**Items from a data source:**
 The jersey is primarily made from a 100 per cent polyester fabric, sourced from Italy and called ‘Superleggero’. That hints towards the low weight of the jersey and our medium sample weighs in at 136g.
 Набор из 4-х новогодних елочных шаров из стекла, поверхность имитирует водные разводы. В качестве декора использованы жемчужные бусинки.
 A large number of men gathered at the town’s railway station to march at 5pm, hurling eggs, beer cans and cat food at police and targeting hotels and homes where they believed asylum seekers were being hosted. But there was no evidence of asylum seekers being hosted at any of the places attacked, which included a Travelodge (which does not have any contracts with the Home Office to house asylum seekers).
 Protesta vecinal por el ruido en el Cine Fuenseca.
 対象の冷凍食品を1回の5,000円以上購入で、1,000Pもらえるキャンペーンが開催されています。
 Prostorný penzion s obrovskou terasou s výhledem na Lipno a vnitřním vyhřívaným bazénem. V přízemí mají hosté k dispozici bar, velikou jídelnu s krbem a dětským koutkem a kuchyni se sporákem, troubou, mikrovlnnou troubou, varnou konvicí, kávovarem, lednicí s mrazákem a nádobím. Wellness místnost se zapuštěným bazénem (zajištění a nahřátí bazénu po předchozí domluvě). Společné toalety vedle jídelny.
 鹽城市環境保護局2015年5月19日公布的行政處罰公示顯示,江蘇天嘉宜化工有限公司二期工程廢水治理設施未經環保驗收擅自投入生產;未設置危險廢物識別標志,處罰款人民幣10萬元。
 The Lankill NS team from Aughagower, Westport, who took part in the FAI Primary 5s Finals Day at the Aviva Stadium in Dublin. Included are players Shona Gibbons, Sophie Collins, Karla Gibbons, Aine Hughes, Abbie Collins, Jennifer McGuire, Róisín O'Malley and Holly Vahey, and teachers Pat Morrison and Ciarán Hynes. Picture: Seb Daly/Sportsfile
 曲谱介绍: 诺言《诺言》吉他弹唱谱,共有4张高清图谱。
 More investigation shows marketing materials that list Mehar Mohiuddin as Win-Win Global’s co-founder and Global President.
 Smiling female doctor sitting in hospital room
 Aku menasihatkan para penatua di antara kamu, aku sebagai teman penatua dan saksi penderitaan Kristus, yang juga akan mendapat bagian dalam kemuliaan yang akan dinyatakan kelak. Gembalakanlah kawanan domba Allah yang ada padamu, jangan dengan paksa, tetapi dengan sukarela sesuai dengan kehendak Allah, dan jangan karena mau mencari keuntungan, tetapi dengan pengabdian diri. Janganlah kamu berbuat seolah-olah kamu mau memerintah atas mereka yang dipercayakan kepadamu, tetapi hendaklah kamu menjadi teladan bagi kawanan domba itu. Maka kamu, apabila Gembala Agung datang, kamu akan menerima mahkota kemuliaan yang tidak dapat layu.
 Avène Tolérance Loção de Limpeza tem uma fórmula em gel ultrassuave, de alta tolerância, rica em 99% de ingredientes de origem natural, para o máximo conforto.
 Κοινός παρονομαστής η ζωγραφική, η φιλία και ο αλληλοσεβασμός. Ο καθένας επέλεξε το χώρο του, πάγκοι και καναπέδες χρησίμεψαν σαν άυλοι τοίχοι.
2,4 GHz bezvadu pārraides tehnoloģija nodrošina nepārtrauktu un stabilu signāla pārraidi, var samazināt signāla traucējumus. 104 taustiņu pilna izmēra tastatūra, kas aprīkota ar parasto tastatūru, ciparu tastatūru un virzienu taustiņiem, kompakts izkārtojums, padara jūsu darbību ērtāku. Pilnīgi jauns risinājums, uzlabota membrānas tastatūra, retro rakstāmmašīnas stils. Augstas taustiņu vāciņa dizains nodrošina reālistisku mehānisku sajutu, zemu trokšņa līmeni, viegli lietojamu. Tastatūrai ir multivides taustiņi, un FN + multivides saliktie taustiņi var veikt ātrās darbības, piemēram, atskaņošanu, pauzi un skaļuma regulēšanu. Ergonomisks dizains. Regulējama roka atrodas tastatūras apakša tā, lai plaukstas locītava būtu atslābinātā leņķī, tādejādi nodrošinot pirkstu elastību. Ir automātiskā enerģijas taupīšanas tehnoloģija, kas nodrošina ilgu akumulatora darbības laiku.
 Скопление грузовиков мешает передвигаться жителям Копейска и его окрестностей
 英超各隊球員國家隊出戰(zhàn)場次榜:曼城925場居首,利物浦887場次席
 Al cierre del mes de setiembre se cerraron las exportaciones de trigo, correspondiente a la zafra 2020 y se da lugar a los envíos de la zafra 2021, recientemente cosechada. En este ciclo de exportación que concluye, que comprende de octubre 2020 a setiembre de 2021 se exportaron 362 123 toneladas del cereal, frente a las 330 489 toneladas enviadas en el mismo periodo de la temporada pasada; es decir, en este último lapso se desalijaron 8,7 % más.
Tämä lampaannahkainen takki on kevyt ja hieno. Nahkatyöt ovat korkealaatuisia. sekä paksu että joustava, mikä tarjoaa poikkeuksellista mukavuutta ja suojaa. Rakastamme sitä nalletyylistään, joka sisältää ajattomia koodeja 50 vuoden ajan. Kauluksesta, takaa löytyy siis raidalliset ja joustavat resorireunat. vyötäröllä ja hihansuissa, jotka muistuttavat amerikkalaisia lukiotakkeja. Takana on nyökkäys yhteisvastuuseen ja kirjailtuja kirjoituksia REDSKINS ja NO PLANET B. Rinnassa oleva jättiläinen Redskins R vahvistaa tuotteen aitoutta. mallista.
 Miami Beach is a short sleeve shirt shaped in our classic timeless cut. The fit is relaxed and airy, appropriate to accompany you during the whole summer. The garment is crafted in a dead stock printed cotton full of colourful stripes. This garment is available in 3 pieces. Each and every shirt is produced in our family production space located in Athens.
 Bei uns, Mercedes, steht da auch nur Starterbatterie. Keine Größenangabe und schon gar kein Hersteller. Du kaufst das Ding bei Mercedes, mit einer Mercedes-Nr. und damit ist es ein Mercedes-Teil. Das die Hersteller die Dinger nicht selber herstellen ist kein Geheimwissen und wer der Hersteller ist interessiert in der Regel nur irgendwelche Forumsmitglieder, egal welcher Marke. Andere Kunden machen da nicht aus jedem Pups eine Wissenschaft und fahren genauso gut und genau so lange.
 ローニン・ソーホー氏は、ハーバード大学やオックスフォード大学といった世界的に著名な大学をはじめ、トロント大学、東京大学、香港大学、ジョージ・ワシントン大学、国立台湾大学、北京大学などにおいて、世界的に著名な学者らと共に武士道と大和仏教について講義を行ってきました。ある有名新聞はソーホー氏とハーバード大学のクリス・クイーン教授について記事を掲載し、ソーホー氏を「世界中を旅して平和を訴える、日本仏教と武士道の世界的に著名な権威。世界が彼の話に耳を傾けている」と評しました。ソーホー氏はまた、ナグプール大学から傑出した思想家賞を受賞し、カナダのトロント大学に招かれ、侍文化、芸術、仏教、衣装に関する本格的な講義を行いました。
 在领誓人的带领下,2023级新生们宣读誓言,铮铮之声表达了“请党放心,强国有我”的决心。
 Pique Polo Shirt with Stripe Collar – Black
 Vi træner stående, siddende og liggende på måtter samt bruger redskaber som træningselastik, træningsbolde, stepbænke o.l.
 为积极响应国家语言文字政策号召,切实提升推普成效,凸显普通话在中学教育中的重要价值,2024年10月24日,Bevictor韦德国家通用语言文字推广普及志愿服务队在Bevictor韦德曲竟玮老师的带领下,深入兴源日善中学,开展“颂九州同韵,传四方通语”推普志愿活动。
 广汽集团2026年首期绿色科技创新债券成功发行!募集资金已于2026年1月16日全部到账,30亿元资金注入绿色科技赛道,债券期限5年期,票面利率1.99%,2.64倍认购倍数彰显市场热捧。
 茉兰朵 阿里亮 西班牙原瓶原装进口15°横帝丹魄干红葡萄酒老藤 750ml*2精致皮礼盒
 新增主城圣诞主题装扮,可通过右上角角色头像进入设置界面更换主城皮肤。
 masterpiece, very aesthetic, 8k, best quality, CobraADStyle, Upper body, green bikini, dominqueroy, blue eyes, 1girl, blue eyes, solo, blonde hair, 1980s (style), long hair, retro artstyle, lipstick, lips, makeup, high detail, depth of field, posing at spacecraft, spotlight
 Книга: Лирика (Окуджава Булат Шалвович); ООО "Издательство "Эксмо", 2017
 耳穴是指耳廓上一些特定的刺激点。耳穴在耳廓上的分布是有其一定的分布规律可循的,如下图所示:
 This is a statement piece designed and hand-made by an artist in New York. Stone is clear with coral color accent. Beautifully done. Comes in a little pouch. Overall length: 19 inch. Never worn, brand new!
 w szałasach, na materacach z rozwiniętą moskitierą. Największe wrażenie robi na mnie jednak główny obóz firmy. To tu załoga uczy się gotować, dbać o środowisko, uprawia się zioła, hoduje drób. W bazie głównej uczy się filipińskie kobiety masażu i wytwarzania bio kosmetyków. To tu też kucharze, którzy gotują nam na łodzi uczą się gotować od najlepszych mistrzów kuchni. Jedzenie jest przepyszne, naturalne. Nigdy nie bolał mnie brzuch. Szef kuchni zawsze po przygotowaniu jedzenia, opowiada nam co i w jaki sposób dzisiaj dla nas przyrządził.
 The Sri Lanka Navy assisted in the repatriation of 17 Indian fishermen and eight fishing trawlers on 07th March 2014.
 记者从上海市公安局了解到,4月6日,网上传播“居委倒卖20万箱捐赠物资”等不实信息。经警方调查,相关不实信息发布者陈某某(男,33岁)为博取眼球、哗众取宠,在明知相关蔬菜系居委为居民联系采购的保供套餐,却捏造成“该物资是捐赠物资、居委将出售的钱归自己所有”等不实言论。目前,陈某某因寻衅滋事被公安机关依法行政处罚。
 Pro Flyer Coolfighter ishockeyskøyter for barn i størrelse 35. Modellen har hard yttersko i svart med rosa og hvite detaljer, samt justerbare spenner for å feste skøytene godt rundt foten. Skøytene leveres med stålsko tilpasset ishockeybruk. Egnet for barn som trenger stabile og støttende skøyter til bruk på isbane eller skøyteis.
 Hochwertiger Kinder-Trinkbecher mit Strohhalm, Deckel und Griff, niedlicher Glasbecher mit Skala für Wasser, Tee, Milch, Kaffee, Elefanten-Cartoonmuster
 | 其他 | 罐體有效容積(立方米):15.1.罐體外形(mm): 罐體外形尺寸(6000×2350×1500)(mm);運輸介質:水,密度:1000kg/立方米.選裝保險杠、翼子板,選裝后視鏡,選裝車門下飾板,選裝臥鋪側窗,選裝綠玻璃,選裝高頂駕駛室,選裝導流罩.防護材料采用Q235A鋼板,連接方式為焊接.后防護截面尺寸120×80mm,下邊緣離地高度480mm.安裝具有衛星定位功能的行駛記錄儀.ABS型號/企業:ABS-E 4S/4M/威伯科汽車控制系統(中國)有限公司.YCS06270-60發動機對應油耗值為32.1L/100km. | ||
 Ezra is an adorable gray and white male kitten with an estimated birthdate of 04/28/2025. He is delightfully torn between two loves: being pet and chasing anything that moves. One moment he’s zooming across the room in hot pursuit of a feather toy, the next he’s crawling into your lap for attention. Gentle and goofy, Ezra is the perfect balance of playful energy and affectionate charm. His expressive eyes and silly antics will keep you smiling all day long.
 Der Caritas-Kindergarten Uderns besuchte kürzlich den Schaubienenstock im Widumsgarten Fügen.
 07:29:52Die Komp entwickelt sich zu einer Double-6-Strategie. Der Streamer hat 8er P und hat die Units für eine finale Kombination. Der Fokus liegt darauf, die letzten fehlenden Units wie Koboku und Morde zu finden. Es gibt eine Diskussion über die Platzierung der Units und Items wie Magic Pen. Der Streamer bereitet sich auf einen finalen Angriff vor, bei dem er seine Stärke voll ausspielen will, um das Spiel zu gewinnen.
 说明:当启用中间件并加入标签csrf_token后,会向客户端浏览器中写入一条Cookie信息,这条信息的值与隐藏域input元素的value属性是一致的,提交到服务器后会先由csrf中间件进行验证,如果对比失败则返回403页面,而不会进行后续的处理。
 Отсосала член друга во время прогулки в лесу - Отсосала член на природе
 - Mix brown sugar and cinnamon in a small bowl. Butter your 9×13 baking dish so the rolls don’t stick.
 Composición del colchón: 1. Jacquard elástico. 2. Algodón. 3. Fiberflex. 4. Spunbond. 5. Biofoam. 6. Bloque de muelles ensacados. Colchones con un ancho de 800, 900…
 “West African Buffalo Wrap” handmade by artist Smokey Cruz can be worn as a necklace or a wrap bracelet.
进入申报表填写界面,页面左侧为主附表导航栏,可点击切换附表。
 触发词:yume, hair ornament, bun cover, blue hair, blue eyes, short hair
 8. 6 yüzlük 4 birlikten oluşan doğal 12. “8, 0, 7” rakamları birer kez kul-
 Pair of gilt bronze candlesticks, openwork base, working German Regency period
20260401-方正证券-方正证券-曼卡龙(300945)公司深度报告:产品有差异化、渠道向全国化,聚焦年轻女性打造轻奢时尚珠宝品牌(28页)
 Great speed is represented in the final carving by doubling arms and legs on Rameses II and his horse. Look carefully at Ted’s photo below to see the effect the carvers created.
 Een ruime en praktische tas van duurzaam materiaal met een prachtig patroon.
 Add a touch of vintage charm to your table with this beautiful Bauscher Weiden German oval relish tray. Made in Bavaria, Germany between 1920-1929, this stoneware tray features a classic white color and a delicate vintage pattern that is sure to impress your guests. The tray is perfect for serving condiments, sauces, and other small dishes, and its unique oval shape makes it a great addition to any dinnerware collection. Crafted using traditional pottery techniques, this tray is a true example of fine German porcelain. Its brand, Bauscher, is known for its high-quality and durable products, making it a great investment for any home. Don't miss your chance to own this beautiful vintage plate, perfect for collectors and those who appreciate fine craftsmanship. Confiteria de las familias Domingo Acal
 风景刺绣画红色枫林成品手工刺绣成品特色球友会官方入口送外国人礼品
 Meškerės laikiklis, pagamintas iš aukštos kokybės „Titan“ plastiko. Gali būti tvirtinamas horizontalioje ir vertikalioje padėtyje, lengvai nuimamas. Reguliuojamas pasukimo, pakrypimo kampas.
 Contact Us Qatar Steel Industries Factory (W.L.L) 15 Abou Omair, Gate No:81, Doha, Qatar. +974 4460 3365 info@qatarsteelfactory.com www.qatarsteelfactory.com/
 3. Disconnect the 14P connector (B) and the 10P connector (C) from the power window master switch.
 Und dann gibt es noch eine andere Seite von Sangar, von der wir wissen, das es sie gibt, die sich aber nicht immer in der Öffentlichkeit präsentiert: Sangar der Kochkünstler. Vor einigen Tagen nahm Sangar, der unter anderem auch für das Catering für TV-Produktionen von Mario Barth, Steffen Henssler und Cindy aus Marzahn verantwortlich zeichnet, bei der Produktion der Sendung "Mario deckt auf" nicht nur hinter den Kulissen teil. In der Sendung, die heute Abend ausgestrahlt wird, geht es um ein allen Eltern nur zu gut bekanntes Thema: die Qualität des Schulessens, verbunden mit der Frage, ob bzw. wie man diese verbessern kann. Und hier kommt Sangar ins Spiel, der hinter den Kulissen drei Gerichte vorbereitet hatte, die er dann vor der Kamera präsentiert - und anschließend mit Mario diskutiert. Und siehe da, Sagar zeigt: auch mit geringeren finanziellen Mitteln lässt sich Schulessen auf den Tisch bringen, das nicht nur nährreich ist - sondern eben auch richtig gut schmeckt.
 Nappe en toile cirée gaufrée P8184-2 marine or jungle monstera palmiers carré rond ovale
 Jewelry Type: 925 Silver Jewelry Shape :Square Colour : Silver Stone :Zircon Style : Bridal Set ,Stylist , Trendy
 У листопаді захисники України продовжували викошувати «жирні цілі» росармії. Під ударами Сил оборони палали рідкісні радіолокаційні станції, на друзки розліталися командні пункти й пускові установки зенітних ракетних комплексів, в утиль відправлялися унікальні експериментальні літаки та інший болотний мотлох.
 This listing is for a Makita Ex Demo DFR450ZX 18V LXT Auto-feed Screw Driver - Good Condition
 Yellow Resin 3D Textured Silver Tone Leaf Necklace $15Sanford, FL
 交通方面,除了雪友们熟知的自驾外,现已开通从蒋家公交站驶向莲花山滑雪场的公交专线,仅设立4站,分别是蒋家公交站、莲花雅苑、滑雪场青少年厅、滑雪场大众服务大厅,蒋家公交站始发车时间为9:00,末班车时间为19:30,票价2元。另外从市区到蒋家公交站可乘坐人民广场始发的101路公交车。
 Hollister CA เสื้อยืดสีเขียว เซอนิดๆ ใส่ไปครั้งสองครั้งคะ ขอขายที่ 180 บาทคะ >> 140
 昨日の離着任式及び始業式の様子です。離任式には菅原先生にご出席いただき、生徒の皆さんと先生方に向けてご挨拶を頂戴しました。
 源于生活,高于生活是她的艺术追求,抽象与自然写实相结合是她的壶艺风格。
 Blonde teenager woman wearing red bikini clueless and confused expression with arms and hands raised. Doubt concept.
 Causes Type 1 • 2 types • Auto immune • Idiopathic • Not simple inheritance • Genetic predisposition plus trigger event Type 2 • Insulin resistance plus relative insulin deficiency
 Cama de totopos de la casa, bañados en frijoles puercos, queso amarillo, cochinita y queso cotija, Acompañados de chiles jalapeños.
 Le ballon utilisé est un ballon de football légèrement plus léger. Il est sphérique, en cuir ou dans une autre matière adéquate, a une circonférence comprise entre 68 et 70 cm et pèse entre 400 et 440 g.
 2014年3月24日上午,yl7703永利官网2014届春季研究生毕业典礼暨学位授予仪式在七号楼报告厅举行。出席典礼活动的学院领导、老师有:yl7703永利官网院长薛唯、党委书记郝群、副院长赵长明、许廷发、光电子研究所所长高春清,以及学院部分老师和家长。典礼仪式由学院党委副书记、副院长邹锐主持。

**TASK DETAILS:** Up to and including the line with "鹽城市環境保護局2015年5", repeat the data exactly, starting from its first line; nothing else belongs in the response.

**SOLUTION FOR THIS PROBLEM:**
 The jersey is primarily made from a 100 per cent polyester fabric, sourced from Italy and called ‘Superleggero’. That hints towards the low weight of the jersey and our medium sample weighs in at 136g.
 Набор из 4-х новогодних елочных шаров из стекла, поверхность имитирует водные разводы. В качестве декора использованы жемчужные бусинки.
 A large number of men gathered at the town’s railway station to march at 5pm, hurling eggs, beer cans and cat food at police and targeting hotels and homes where they believed asylum seekers were being hosted. But there was no evidence of asylum seekers being hosted at any of the places attacked, which included a Travelodge (which does not have any contracts with the Home Office to house asylum seekers).
 Protesta vecinal por el ruido en el Cine Fuenseca.
 対象の冷凍食品を1回の5,000円以上購入で、1,000Pもらえるキャンペーンが開催されています。
 Prostorný penzion s obrovskou terasou s výhledem na Lipno a vnitřním vyhřívaným bazénem. V přízemí mají hosté k dispozici bar, velikou jídelnu s krbem a dětským koutkem a kuchyni se sporákem, troubou, mikrovlnnou troubou, varnou konvicí, kávovarem, lednicí s mrazákem a nádobím. Wellness místnost se zapuštěným bazénem (zajištění a nahřátí bazénu po předchozí domluvě). Společné toalety vedle jídelny.
 鹽城市環境保護局2015年5月19日公布的行政處罰公示顯示,江蘇天嘉宜化工有限公司二期工程廢水治理設施未經環保驗收擅自投入生產;未設置危險廢物識別標志,處罰款人民幣10萬元。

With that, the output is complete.